-- Information provided follows --

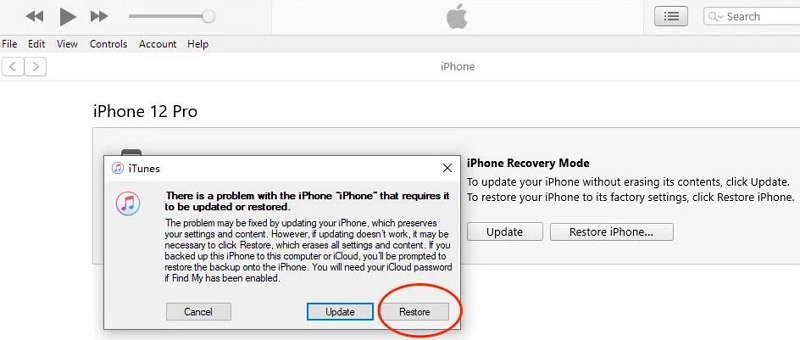 步驟4:打開iTunes/finder,並消息“ iPhone存在問題,必須進行更新或還原。”顯示。單擊“還原”。
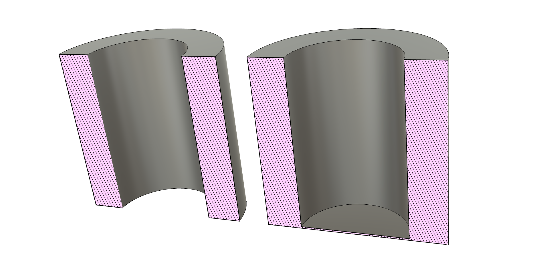 Отверстие в днище детали можно увести в конус с той же целью. Делаем Q (Press Pull) во Fusion 360 на 15 мм (радиус отверстия), делаем Chamfer на 15 мм.
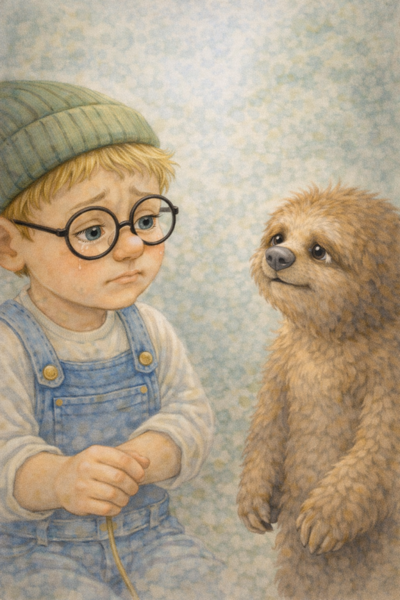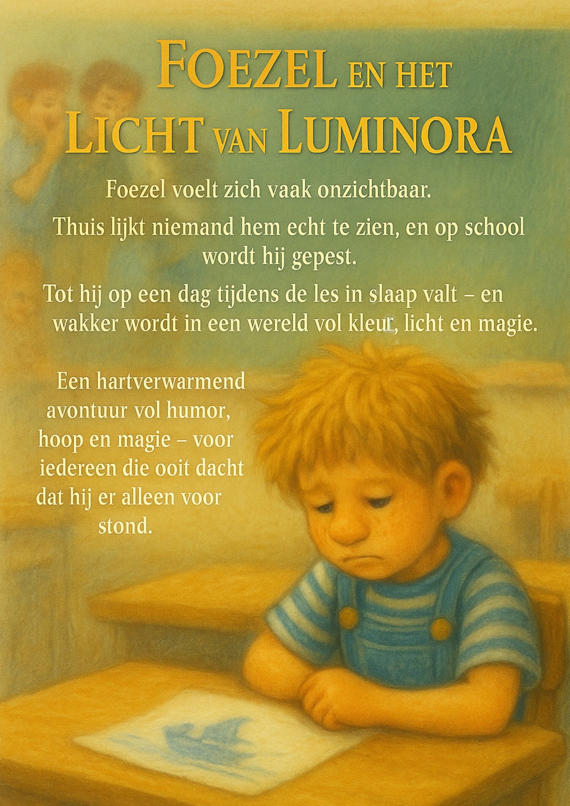 Foezel zat stil in de klas. Zijn handen lagen gevouwen op de tafel. Hij durfde nauwelijks op te kijken. Zijn blauwe ogen glinsterden zacht. Niemand leek het te zien. Hij voelde zich vaak of hij onzichtbaar was...behalve als de kinderen hem wilden plagen.

-- Information provided concluded --

* What to work on: The task requires the full listing to be given again verbatim, without its pictures.

* Completed exercise:
 步驟4:打開iTunes/finder,並消息“ iPhone存在問題,必須進行更新或還原。”顯示。單擊“還原”。
 Отверстие в днище детали можно увести в конус с той же целью. Делаем Q (Press Pull) во Fusion 360 на 15 мм (радиус отверстия), делаем Chamfer на 15 мм.
 Foezel zat stil in de klas. Zijn handen lagen gevouwen op de tafel. Hij durfde nauwelijks op te kijken. Zijn blauwe ogen glinsterden zacht. Niemand leek het te zien. Hij voelde zich vaak of hij onzichtbaar was...behalve als de kinderen hem wilden plagen.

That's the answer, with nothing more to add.